Although Gramsci’s theorization was a critique of the specific historical conjuncture that supported the rise of European fascisms in the 1930s, the materialist lens he forged provides an invaluable tool to understand the cyclical crises of hegemony that have affected Western capitalist societies through the twentieth century. In the notes that follow, I would like to argue that the “great variety of morbid symptoms” characterizing the present historical moment—specifically, the rise of right-wing populisms across the Western world—signals a crisis of hegemony of the neoliberal regime of capital accumulation sustained by liberal/centrist political parties and a rearticulation of class power along authoritarian lines.
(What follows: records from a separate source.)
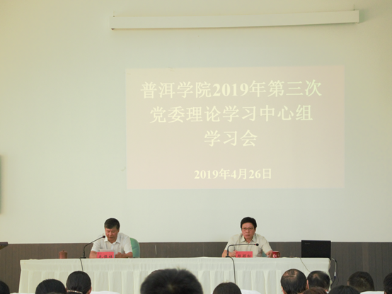 为深入学习贯彻习近平总书记关于加强学校思想政治工作的重要论述,切实把思想和行动统一到党中央决策部署上来,2019年4月26日下午,学校在和谐楼二楼会议室召开2019年第三次党委理论学习中心组学习(扩大)会,专题学习习近平总书记在学校思想政治理论课教师座谈会上的重要讲话精神。党委理论学习中心组成员、副处级以上中层干部、马克思主义学院全体教师参加会议。党委书记毛保祥主持会议。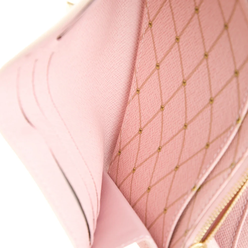 This Louis Vuitton Medium Continental Wallet is a stylish and functional statement piece. Made from pink Damier Azur canvas and calfskin leather, it offers a blend of durability and elegance. The gold hardware complements its chic design, adding a touch of sophistication. Spacious yet sleek, it’s perfect for organizing essentials. This wallet conveys heritage charm with a modern twist.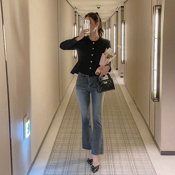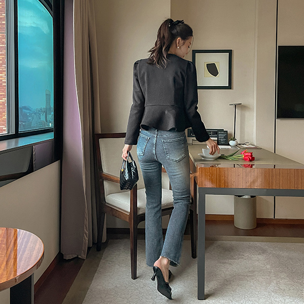 [O:neul] シャルマン ペプラム ライン 弾力 毛織 ブラウス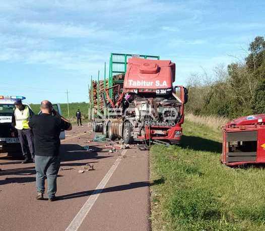 Choque en la ruta 20 km 52 (Departamento de Río Negro), cerca de Nuevo Berlín; donde hubo un siniestro de tránsito y la ruta se encuentra cortada en ambos sentidos.El choque de un camión "Triten" cargado de madera al adelantar colisiona con una Enfardadora tirada por un tractor. A quienes tengna que circu...

The recent emergence of right-wing populist formations in Europe—the National Front in France, Golden Dawn in Greece, the Party for Freedom (PVV) in the Netherlands, Jobbik in Hungary, Alernativ für Deutschland in Germany, the UK Independence Party in England, and of course Trump Republicans in the US—is the latest development in this process of reconfiguration of race and class politics. Yet, despite the appeal that such a label may hold in the face of increasingly autocratic and chauvinistic tendencies in the Western world, we should be wary of calling these developments simply as a form of neo-fascism, or fascism 2.0. Indeed, there are several risks implicit in adopting such a rhetoric: (a) it is a rather ahistorical simplification that prevents a structural analysis of current tendencies; (b) it equalizes all opposition (reformist vs. radical, institutional vs. grassroots) under the generic umbrella of liberal-democratic resistance; and (c) it constricts opposition within a purely reactive mode (i.e., it obstructs the effort to envision not just a less fascist neoliberal society, but a radically different one). A more useful frame of analysis might be what radical political economist Ian Bruff has recently called “authoritarian neoliberalism.” In opposition to the “liberal neoliberalism” endorsed by the centrist parties that have been hegemonic in Europe and the US in the last few years, “authoritarian neoliberalism” is characterized by the fact that

dominant social groups are less interested in neutralizing resistance and dissent via concessions and forms of compromise … favoring instead the explicit exclusion and marginalization of subordinate social groups through the constitutionally and legally engineered self-disempowerment of nominally democratic institutions, governments, and parliaments. (Bruff 2014, 116)

In this sense, whereas liberal neoliberalism à la Obama preempted substantive democracy under a thin veil of democratic rhetoric—let us not forget that cases of police brutality spiked under the friendly Obama administration, and of course immigrant deportations reached the unprecedented number of 2.5 millions—authoritarian neoliberalism à la Trump obliterates formal democracy, too, behind a thick cloud of populist rhetoric. The political vocabulary through which authoritarian neoliberalism articulates its hegemony is that of authoritarian populism famously described by Stuart Hall (1985): a political discourse based on an abstract notion of “the people” that establishes a rhetorical convergence between the objectives of those in power and the demands of the citizenry by channeling both against various undeserving “others” (e.g., criminals, immigrants, terrorists, welfare queens, etc.). This narrative combines different strategies to neutralize the formation of interracial/class-based solidarities:

(a) First, it artificially elevates certain social groups rhetorically constructed as deserving (on the basis of race, ethnicity, nationality, religion, sexuality) above other social groups with whom they share a common subordinated class position in society. The concept of comparative racialization proposed by Lisa Marie Cacho is particularly useful here:

Ascribing readily recognizable social value always requires the devaluation of an/other … In the United States, human value is made legible in relation to the deviant, the non-American, the non-normative, the pathologized, and the recalcitrant. (Cacho 2012, 18–19)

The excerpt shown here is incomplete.